I think it's foolish but such is our species.
Professor Somin mentioned financial remuneration to voluntary participants in challenge trials. I firmly believe it is the choice of the autonomous individual to decide whether or not to participate in a challenge trial.
So as a business guy, I have to ask the lawyers something. How do you even structure an agreement to participate in something like that? Do you contract short-term life insurance for voluntary participants in case the vaccine failed and they died? Lifetime payments to the family if they die because the vaccine failed? Is that even legal? I mean, just the underwriting of that kind of risk by an insurer would be monumental.
Yes. But, in the US, vaccine makers are indemnified from adverse outcomes. It's difficult to nigh impossible to get doctors and the medical establishment to document vaccine deleterious health effects that are at odds with the National Vaccine Injury Compensation Program (VICP) since 1988.
What does US libertarianism stand for these days? For opening all borders to the world and countries that don't open theirs to us? For using either force or monetary inducement to be injected by Big Pharma and our federal government overseers?
Doesn't feel right in any respect.
Welp, another VC Covid thread.
You guys enjoy funding the real death toll, discussing the latest cures the government suppressed, and yelling about the vaccine conspiracy to sap out precious bodily fluids.
Fascinating to hear from so many epidemiologists on these issues.
Kind of a moot point, isn't it?
This is a "fix" for a partisanship problem. That partisanship isn't going away in November, no matter who wins. So unless Covid-19 suddenly becomes a non-partisan issue sometime in the next few months, any incentive, mandate, or even simple guidance, is going to be a partisan issue, and subject to the same opposition as all other action has up to this point.
It'll be a state-by-state thing, because, due to the malfeasance of the Republican Party, public health is partisan, and that partisanship is going to continue to paralyze the federal government here.
You think $1000 is going to convince me to allow you to inject poison into my body?
I have received ZERO vaccines in my life. None of my kids received any vaccinations.
I'm almost 70 and I along with 99.99% of the population of this great country survived: polio, diphtheria, pertussis, scarlet fever, chicken pox, measles, mumps, the silent spring, the great flu epidemic of 1957, the Asian flu of 1964, the Hong Kong flu of 1968, the coming ice age, the swine flu of 1976, the end of oil, second hand smoke, global warming, Ebola, SARS, MERS, H1N1, climate change, climate catastrophe, and now we are surviving the dreaded Covid-19.

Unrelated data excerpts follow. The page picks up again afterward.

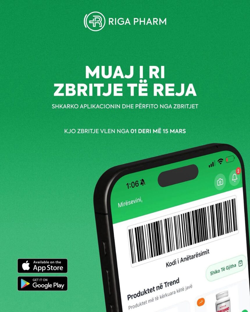 📲 Zbritja vlen ekskluzivisht përmes aplikacionit Riga Pharm. Mjafton ta shkarkoni aplikacionin dhe ta skanoni produktin për të aktivizuar zbritjen 🤍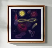 Pianeti immaginari, stelle e luna che brillano nel profondo cielo scuro. Navi aliene e creature spaziali che viaggiano attraverso galassie e buchi neri. C'è posto per tutti nel nostro grande e accogliente universo.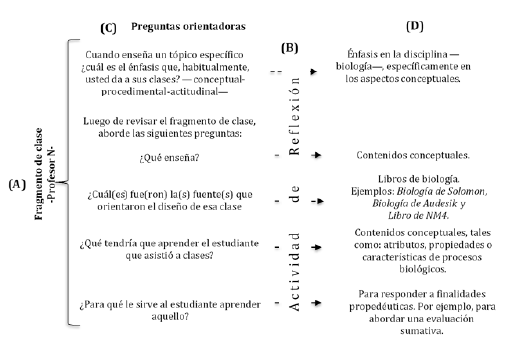 Figura 2 Estructura metodológica de una sesión de reflexión con profesores de biología en el marco de un PDP.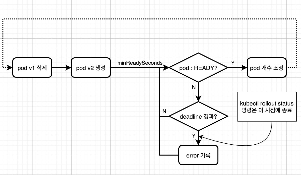 - minReadySeconds 경과 후 pod가 UNREADY > READY 상태로 변경된다면 다음 단계로 넘어간다.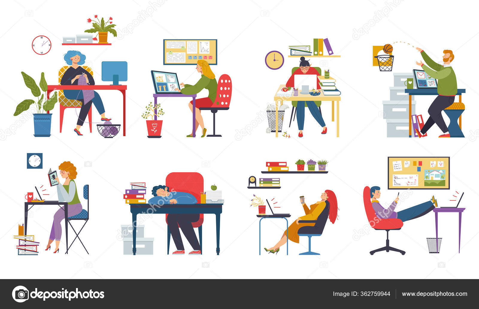 Procrastinación en el trabajo, gente perezosa en la oficina ...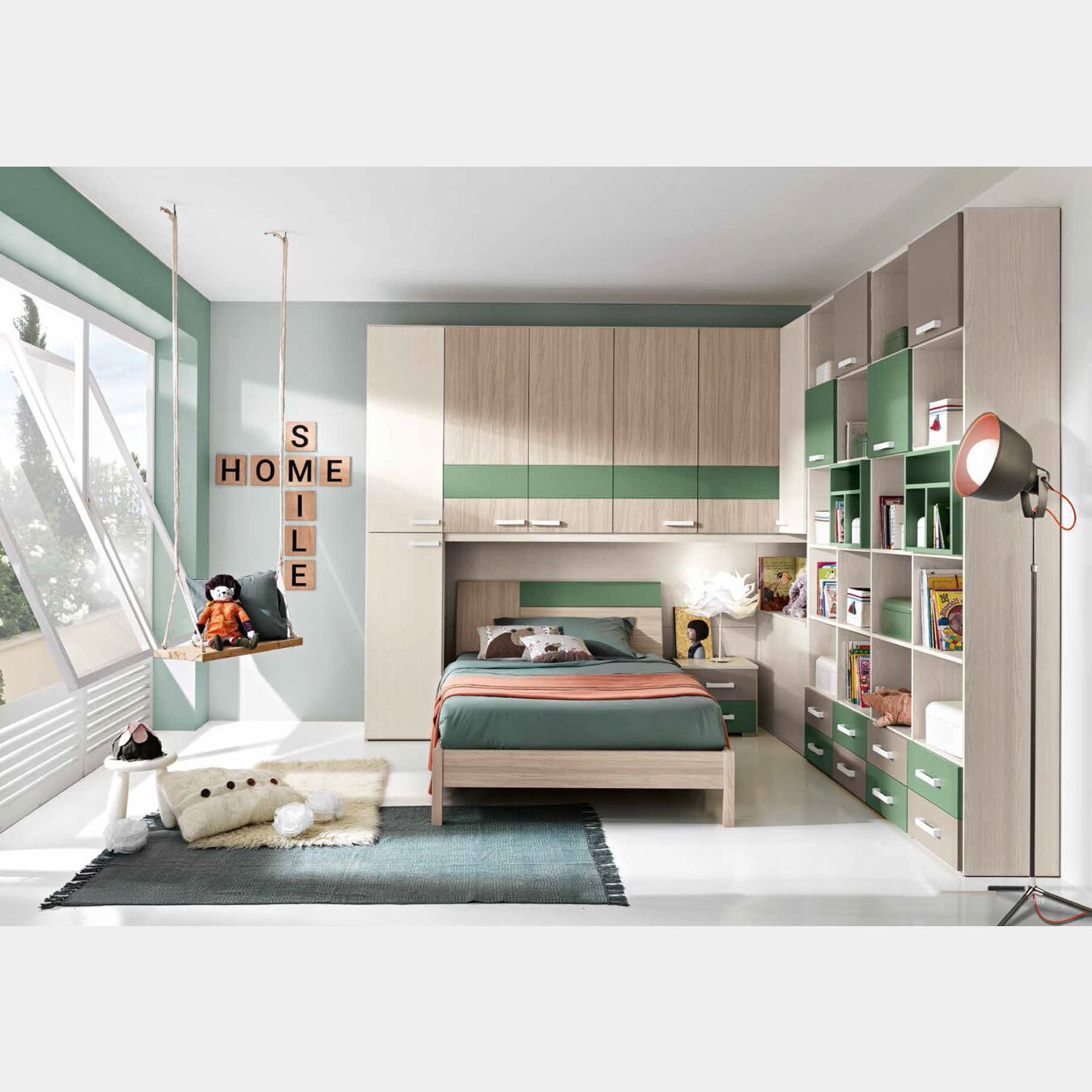Cameretta a ponte con angolo per ragazzi completa Riccardo, finitura Betulla, Olmo, Avio e Verde Mela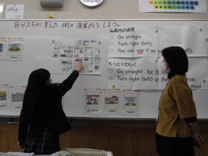 今日の英語科『Where is the gym?』では,英語で道案内ができるようになることを目標に学習を進めてきました。この日は,子どもたちが考えたオリジナルの町紹介を英語で行いました。町の名前や,おすすめの施設も自分たちで考えています。楽しそうに英語でやり取りする姿が印象的でした。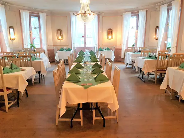 Den eleganta salongen, där man alltid äter på linnedukar och har friska blommor på bordet.

And we all survived these diseases WITHOUT any vaccinations.
Can you do math? The demigod Dr. Fauci claimed that 2 million would die due to this virus.
Well, if 2 million die that would be LESS THAN six one-hundredths of ONE percent of our population.
A MINUSCULE AMOUNT.
A measly $1000? Multiply that by a million and I MIGHT consider it.
Poe's Law in the house!
If the vaccine is safe and effective why do people need to be paid to take it?
Why do we need a vaccine for anyone other than the elderly or other comorbidity?
https://wirepoints.org/ignorance-about-covid-19-risk-is-nothing-short-of-stunning-research-report-says-huge-age-variance-wirepoints/
On average, Americans believe that people aged 55 and older account for just over half of total COVID-19 deaths; the actual figure is 92%. Americans believe that people aged 44 and younger account for about 30% of total deaths; the actual figure is 2.7%. Americans overestimate the risk of death from COVID-19 for people aged 24 and younger by a factor of 50; and they think the risk for people aged 65 and older is half of what it actually is (40% vs 80%).